The entire brew day was 1 hour 45 minutes, including set up and clean up so there is still room to shave that down a bit if/when this becomes a repeatable brew day.
The recipe looks like this:
6lbs Light Dry Malt Extract
1lbs Crystal 60
2.5oz Cascade 7.5% AA at 15 min
1oz Cascade 7.5%aa at 5 min
.50 oz Cascade 7.5% at flameout
1oz Cascade 7.5% dry hop 7 days
Yeast: Something clean. The OP used Notty but others have used US-05, WLP001, etc. Your call. I used US-05.
The poster of the recipe stated that he puts the grain in cold water and steeps them until the water hits 170, pulling them out at that point and adding the DME. I did a 'standard' steep at ~160 for 30 minutes with 1 gallon of water and just heated the rest of the water and DME in a separate pot before combining them.

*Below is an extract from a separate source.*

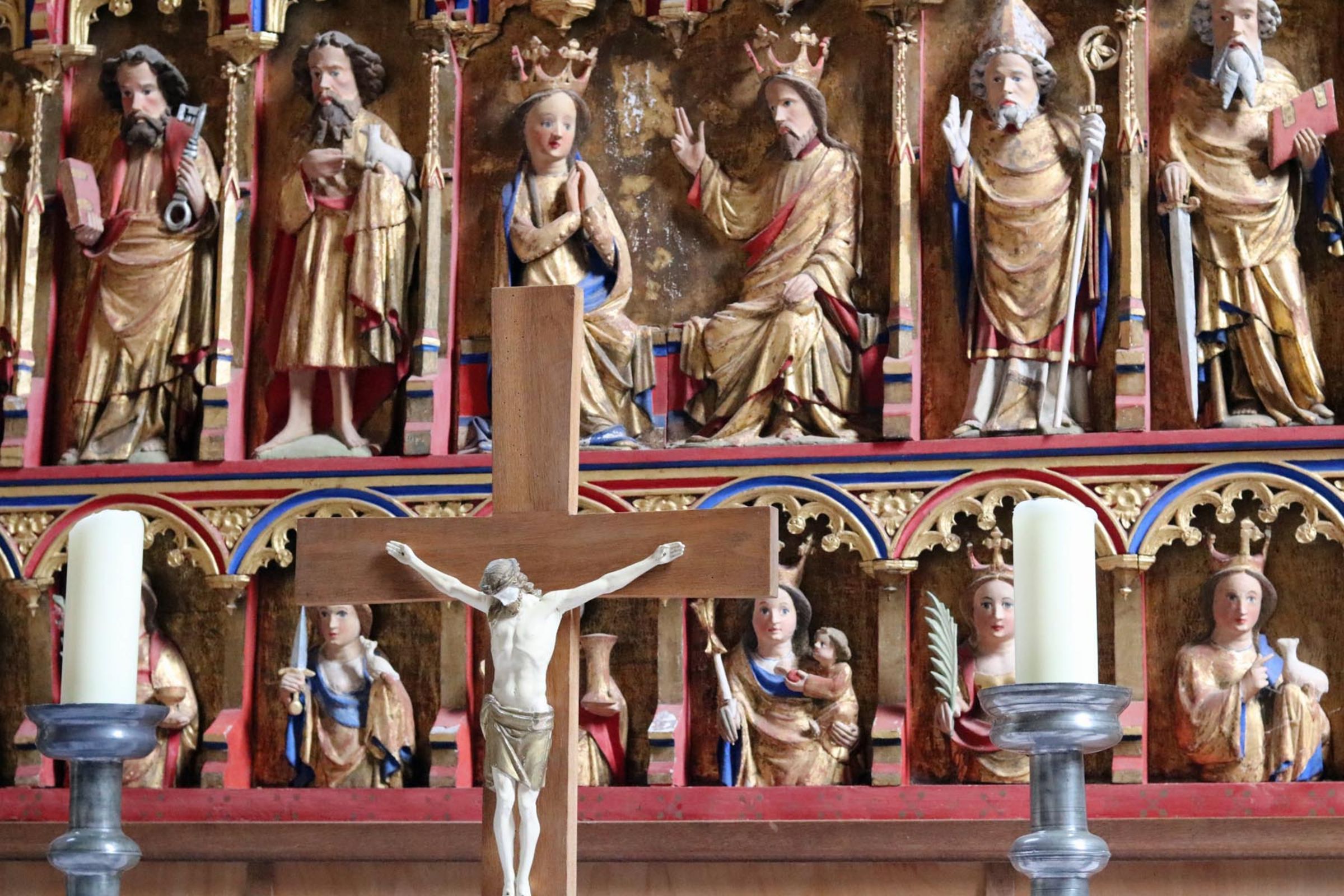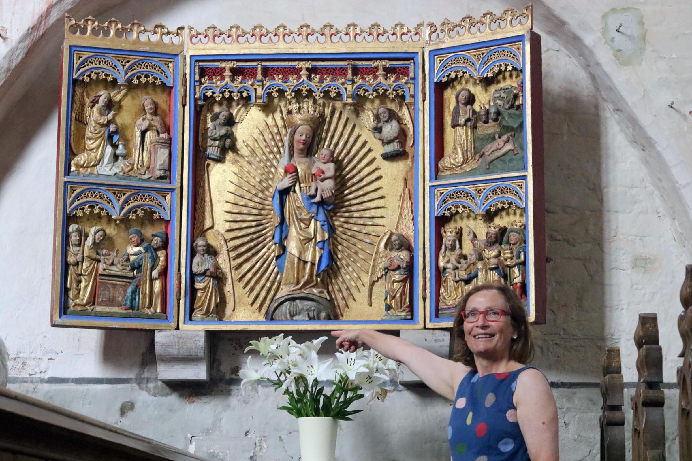 Eine Detektivarbeit erwartet die Teilnehmer vor dem Hauptaltar: Zu jeder der detailverliebt geschnitzten biblischen Figuren und Heiligen hat Maria Pulkenat mit Attributen verteilt. „Der blühende Rosenzweig“ auf einem führt zu Dorothea, über das „Salbengefäß“ lässt sich Maria Magdalena identifizieren, am „Lamm“ ist die heilige Agnes zu erkennen.

I also halved this recipe to 2.5 gallons so I could see how it comes out before investing in 5G of it. Even if Cascades aren't my favorite hop I'll have a good idea of how this turns out.
I've done hop bursts before but never without some type of bittering addition (FWH, standard 60 minute, etc.) so I'm curious to see how this comes out. It's described at hop-forward with a sweet malt backbone....but so is just about every beer I've read about on Beer Advocate

I had to adjust hop amounts as mine were 5.6% instead of 7.5% but that was easy. If this turns out to be a decent session pale ale it would make some brew days pretty quick when I can't go AG. The IBUs/AAUs will also allow me to tweak various hops that I like (Simcoe for Cascade, etc.) and end up with wildly different brews.
I'll keep everybody posted on this to see if it really turns out a good beer or not. My biggest concern is that it's going to be too sweet. But for a quick sub-two hour brew day I had to try.
In the 3G carboy now at 64 with rehydrated yeast. Fingers crossed.